We followed a slightly modified protocol as detailed in Dr. Bouveret’s review [4], Dr. Wallner’s BACTH protocol and the protocol part of Euromedex’s BACTH kit. The only difference from these protocols is that we didn’t let the transformation plates incubate for 48 hours but 24 hours. The results show that the BACTH selection system is capable of detecting an interaction between the Repebodies and mCherry, but not eGFP. To confirm these results, we verified the expression of the constructs in two functional combinations, by performing a dot blot. It showed that the Repebodies, mCherry and eGFP were correctly expressed.

Our results results show the capacity of the BACTH selection system to detect the interaction of both Repebodies and mCherry. It also proves that the Repebodies are selective enough to differentiate between the similar structure of eGFP and mCherry. Surprisingly, some constructs seemed to function with ssDNA-optimized-Repebody, but not with the unoptimized one. The reason for this phenomenon remains unclear. A possible explanation might be that certain fusion proteins were not expressed or that the induction of the lac promoter was ineffective. However, at this point in the project we didn’t have enough time to explore these issues further. We instead focused on testing and characterizing the BACTH system further. The selection system in the Concave toolbox needs to be able to filter out single bacterial cells, with a functional Repebody, from a large colony of nonfunctional ones. We wanted to check if the BACTH system is able to fulfill these requirements.

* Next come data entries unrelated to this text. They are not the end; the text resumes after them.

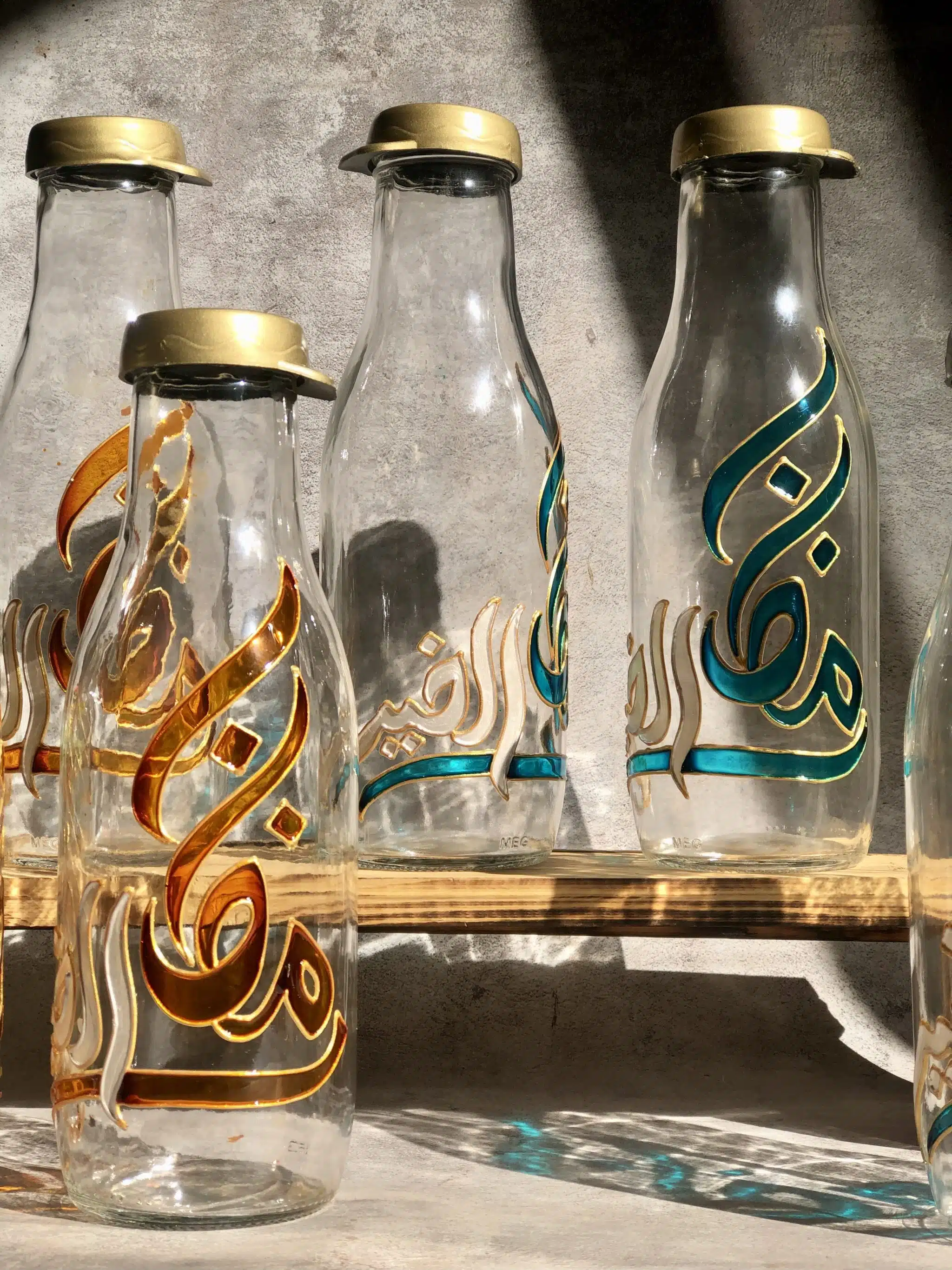 Hand painted Ramadan el_kerr caption on glass bottles
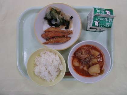 こんだて ご飯 牛乳 わかさぎのフリッター こんにゃくサラダ ボルシチ
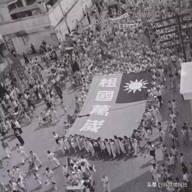 1945年,新加坡华人拿出中国国旗庆祝胜利,显示出了新加坡华人当时的身份认同
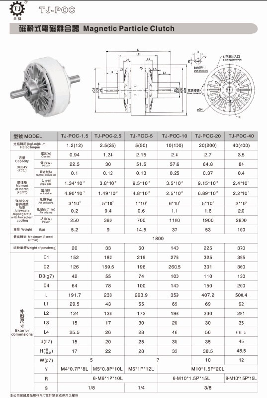 天機TJ-POC電磁式磁粉剎車器被廣大用戶通稱為磁粉制動器。天機磁粉剎車器的用途有1、緩沖起動,停止用:利用連結時的圓滑特性及定轉矩特性達到緩沖起動和停止。2、連續(xù)滑動、張力控制用, 3、轉矩限制器用, 4、高速應答用, 5、動力吸收用 ,6、定位停止用 ,7、模擬負載用。
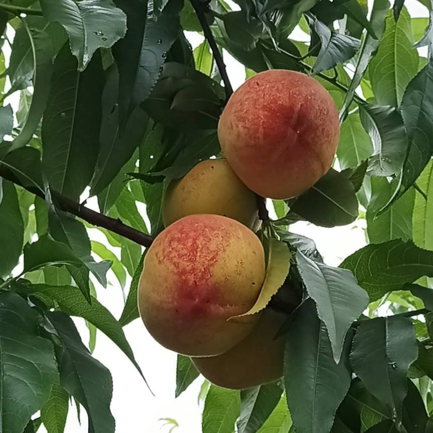 Jinxiang Yellow Peach has round fruit with a rounded, flat apex, symmetrical halves, and an inconspicuous suture line. The average fruit weight is 193 g, with larger fruits reaching 270 g. The skin has a golden-yellow base color; when bagged, the sun-exposed side develops a red blush, while unbagged fruit shows a deep red color on the sun-facing side. The fuzz is sparse, and when fully ripe, the skin can be peeled. The flesh is golden yellow with a firm, non-melting texture. The soluble solids content is around 10%, with a sweet, slightly tart flavor, medium juiciness, and a strong aroma. The variety is clingstone.
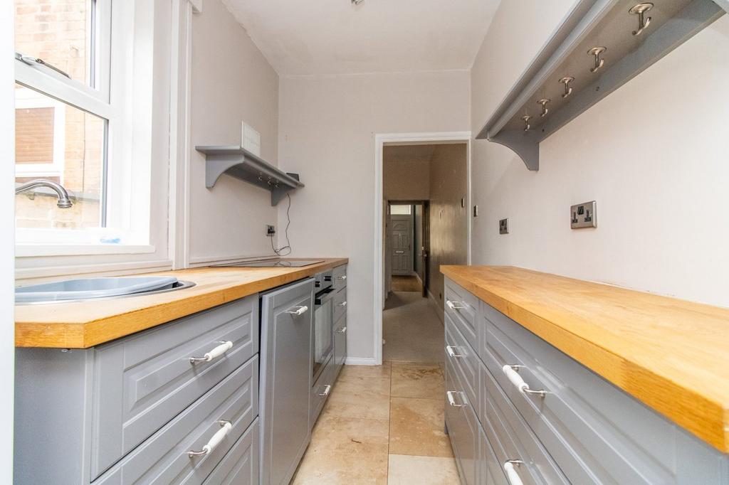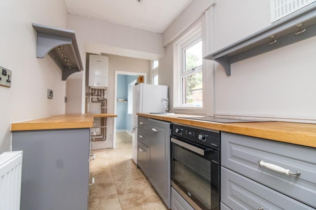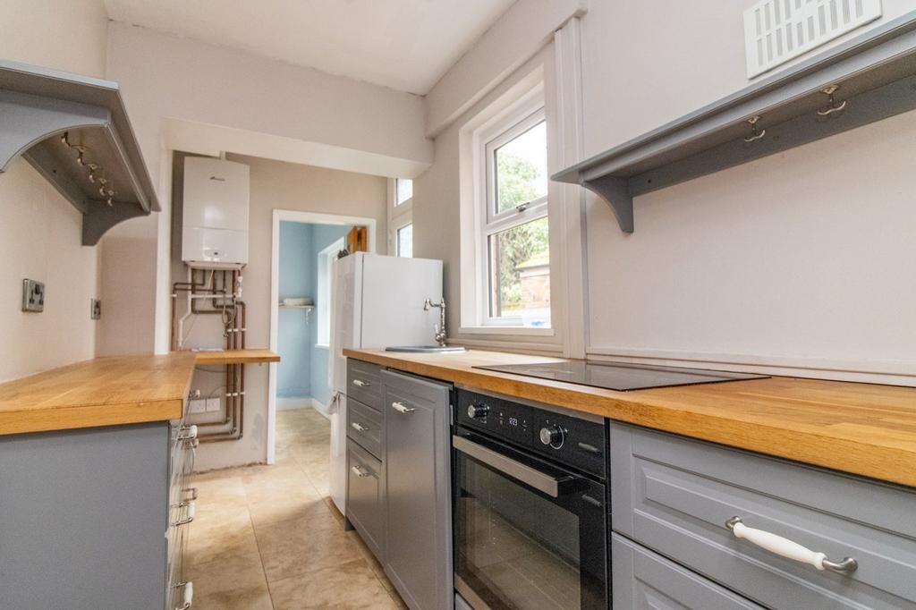 12' 6" x 5' 6" (3.81m x 1.68m) Comprising circular stainless steel sink unit with mixer tap over, matching base units with butcher block work surfaces over, drawers and cupboards under, integrated dishwasher, UPVC sealed double glazed window, wall mounted gas boiler, door to rear garden.
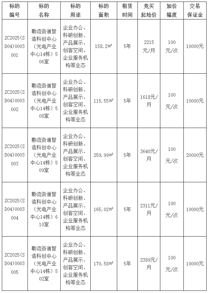 1.项目名称:佛山市顺德区勒流街道智造科创中心(光电产业中心14栋)506室等5宗物业公开招租项目
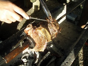 食べたい人は食べたい分だけナイフでそぎ取って食べ(切った後には塩・コショウを振りましょう!)、味はクレージーソルトだけというシンプルなものだが、適度に脂も落ちてとっても美味い。能登豚の美味さを思いっきり楽しむことができたが・・・こりゃクセになります・・今年は秋・冬にも登場の予感?が・・・。
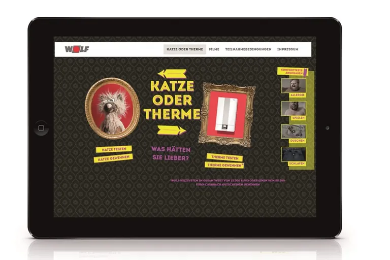 „Voll auf mich eingestellt“ heißt der neue Leitgedanke von Wolf. Für den Anbieter von Heizungs- und Klimasystemen ist dabei das optimale Raumklima laut eigenen Angaben mehr als nur Temperatur und Luftfeuchtigkeit: Es ist ein Stück Lebensqualität. Vermitteln soll diese neue Marketingbotschaft die virale Videokampagne „Katze oder Therme“.
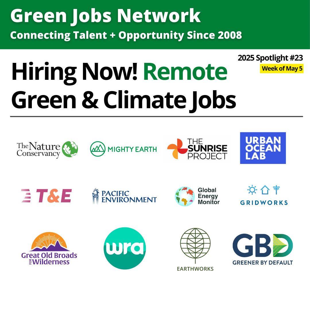This newsletter contains a sampling of the many jobs that you can find via Green Jobs Network. For more, visit our green jobs board, job board for climate action, social impact jobs board, and website for remote jobs.

After confirming the BACTH systems basic functionality with Repebodies, we now could confirm its applicability in the Concave toolbox. We decided to perform a serial dilution experiment with two functional Repebody-mCherry combination to test if it is able to filter out a small amount of bacterial cells containing a functional Repebody-target pair, from a large mixed colony. If the BACTH system was to be applied in the Concave toolkit. In theory the experiment should function by plating the mixed culture onto minimal media plates with maltose and IPTG. Bacteria, which have a functional Repebody-target combination, thereby making them able to use maltose as an energy source, should survive on these plates. Bacteria with a nonfunctional Repebody or interaction should die, since they have no source of energy.

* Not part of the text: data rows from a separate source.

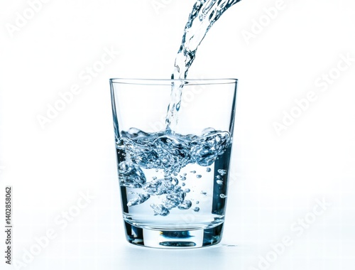 A glass is being filled with clear water, creating ripples and bubbles as it pours in, set against a clean, white background.
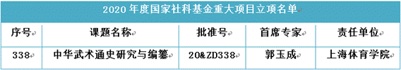 2020年12月3日,全国哲学社会科学工作办公室公布了2020年度国家社会科学基金重大项目立项名单,公司申报的《中华武术通史研究与编纂》获批立项。同年,公司李守培副教授《明代书院武艺文献整理与研究》获批国家社会科学基金青年项目。
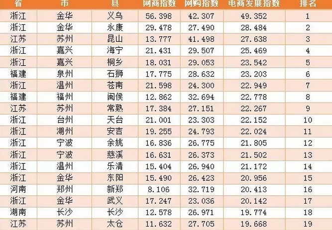 附:“電商百佳縣”排行榜
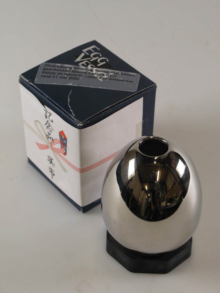 Spiegelend eivormig vaasje (1) op rubberen standaard (2), in kartonnen doos met tekst in zilveren opdruk: EGG/ VESSEL (3). Op zijkant van doosje is met plakband stuk papier bevestigd waarop in zwart Japanse karakters zijn gecalligrafeerd.
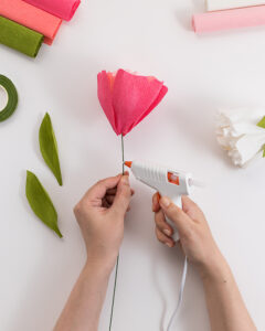 DIY: Pfingstrosen aus Krepppapier — Blatt anbringen | we love handmade
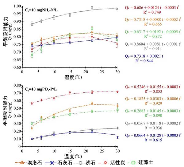 銨和磷酸根離子的平衡試驗(yàn)僅在3℃至22℃的溫度范圍內(nèi)進(jìn)行,因此,吸附容量和溫度的關(guān)系沒有用多項(xiàng)式函數(shù)描述。類似地,如在系列I的分析中,活性炭對(duì)除去銨離子效果比較好,在磷酸鹽的情況下,具有高去除能力的材料是活性炭。
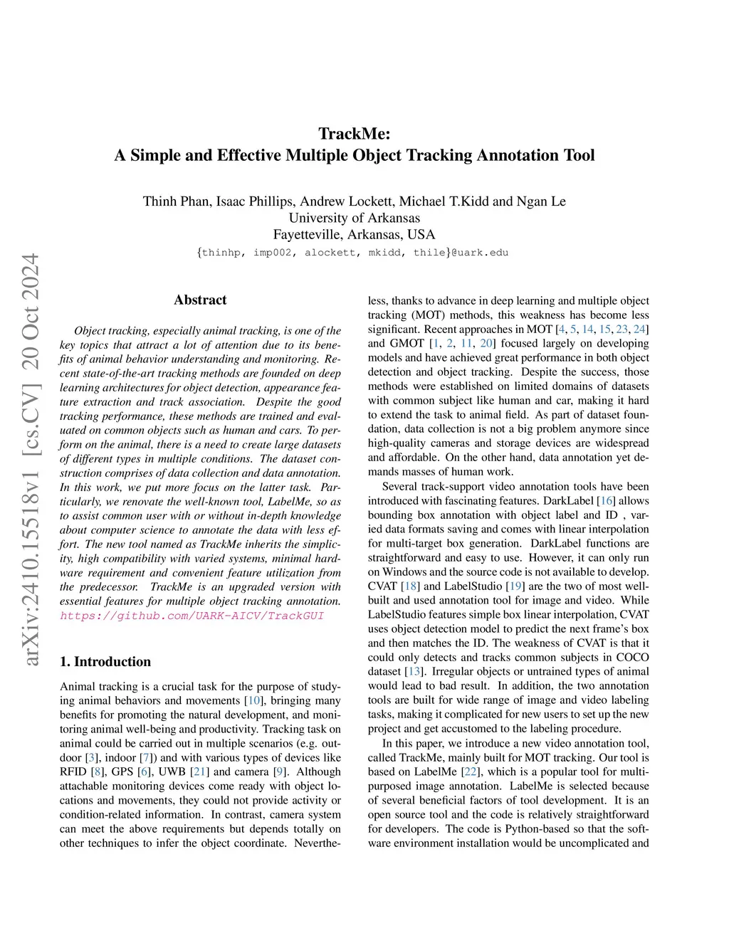 Object tracking, especially animal tracking, is one of the key topics that attract a lot of attention due to its benefits of animal behavior understanding and monitoring. Recent state-of-the-art tracking methods are founded on deep learning architectures for object detection, appearance feature extraction and track association. Despite the good tracking performance, these methods are trained and evaluated on common objects such as human and cars. To perform on the animal, there is a need to create large datasets of different types in multiple conditions. The dataset construction comprises of data collection and data annotation. In this work, we put more focus on the latter task. Particularly, we renovate the well-known tool, LabelMe, so as to assist common user with or without in-depth knowledge about computer science to annotate the data with less effort. The new tool named as TrackMe inherits the simplicity, high compatibility with varied systems, minimal hardware requirement and convenient feature utilization from the predecessor. TrackMe is an upgraded version with essential features for multiple object tracking annotation.

We diluted the functional Repebody-mCherry combinations with their respective eGFP negative controls to simulate a small number of functional Repebodies in a culture of nonfunctional Repebodies. We also diluted the positive control from the BACTH kit with the negative control. On minimal media plates bacteria colonies are invisible, so they are transferred on an LB plate after a few days of incubation. On LB plates the colonies should then grow to visible size. X-Gal and IPTG can also be used to additionally colour them blue.

The experiment was performed as described. The minimal media plates were left to incubate at 30° C for almost 60 hours. The colonies were transferred onto LB plates with IPTG and X-Gal using autoclaved cotton velvet and a custom build rig. Remarkably, a lot of the LB plates showed a mix of blue and white colonies, while some only had white colonies growing on them.

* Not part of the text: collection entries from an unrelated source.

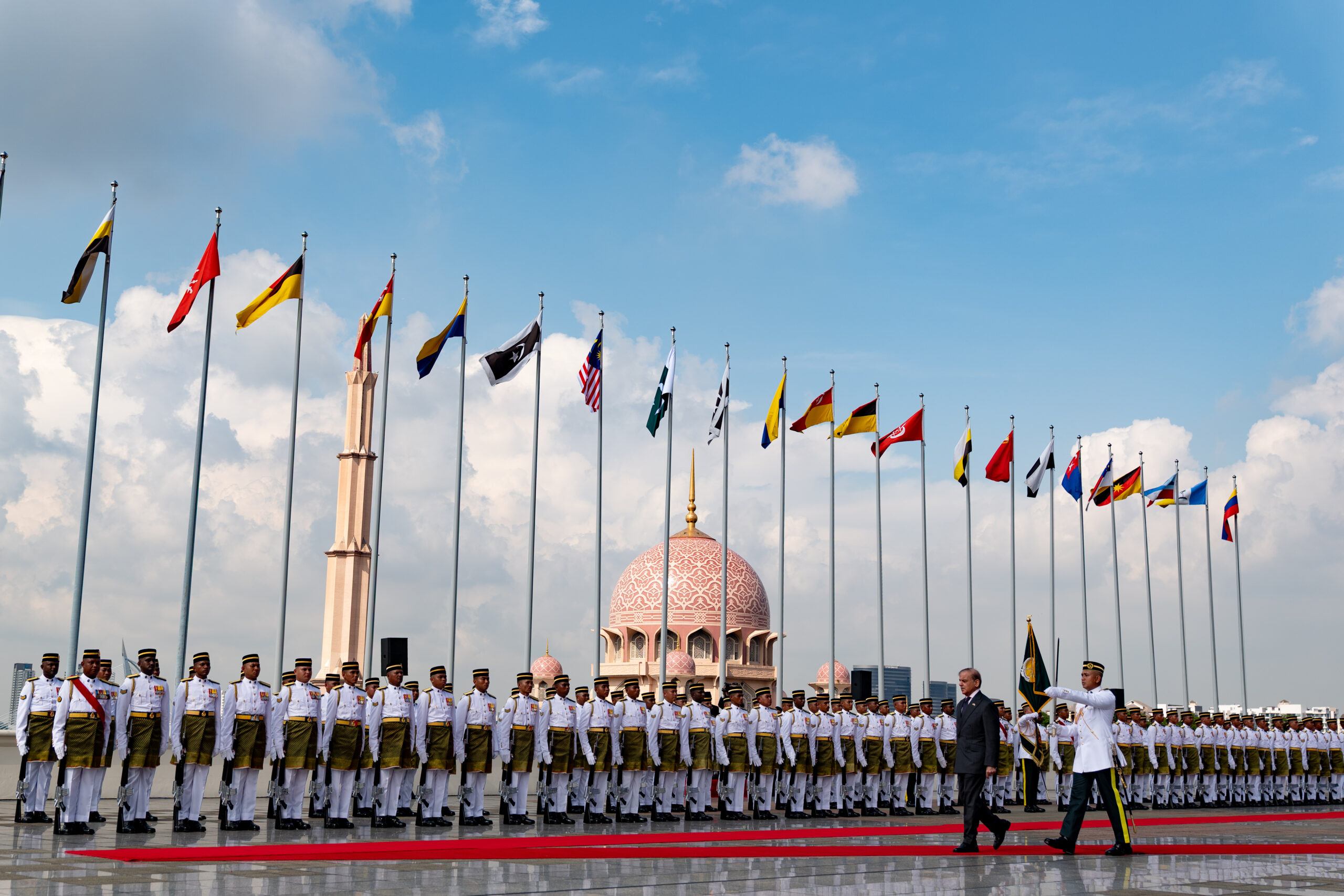 Ketibaan beliau tepat pukul 10 pagi disambut oleh Perdana Menteri, Datuk Seri Anwar Ibrahim, sebelum lagu kebangsaan kedua-dua negara dimainkan sebagai simbol penghormatan diplomatik.
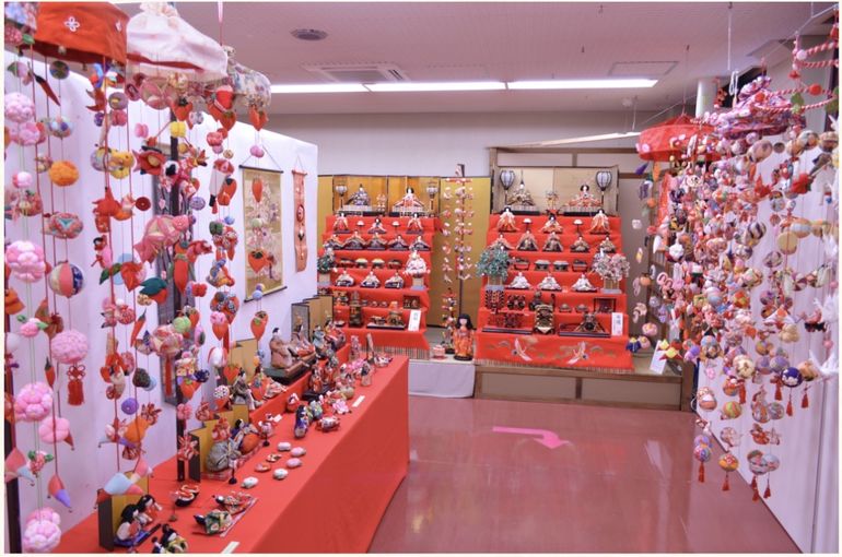会場では、3月3日の桃の節句にちなみ、「七段雛飾り」や各種内裏雛、関東圏ではなかなか見かけない「御殿飾り」や市民の方々が制作された大小様々なサイズの吊るし飾りを展示してあります。
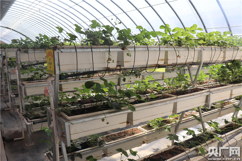 目前,蔬菜基地的物聯(lián)網(wǎng)設(shè)備能及時(shí)預(yù)測(cè)氣象災(zāi)害、病蟲害,有效降低災(zāi)害損失。此外,基地還可通過視頻監(jiān)控系統(tǒng)和移動(dòng)終端APP,實(shí)現(xiàn)透明化生產(chǎn)管理。圖為裝有物聯(lián)網(wǎng)設(shè)備的草莓日光溫室。(央廣網(wǎng)記者 母晨靜 攝)

The results from the experiments are inconclusive. Theoretically, all colonies growing on the LB-plates should be blue. Since also white colonies can be seen and blue colonies are also visible on the negative control plates, it is likely the transfer didn’t work properly. A possibility is that the velvet was contaminated. This, however, is unlikely since it would have been contaminated with adenylate cyclase deficient strains resistant against ampicillin and kanamycin and bacteria with a functional adenylate cyclase also resistant against ampicillin and kanamycin. We would need to characterize the bacteria on the plate further and repeat the experiment to find the reason for the results. Due to a lack of time we couldn’t perform these experiments. It remains unknown, if the BACTH system fulfills all requirements needed to be used in the Concave toolbox. The BACTH engineering cycle thereby remains open.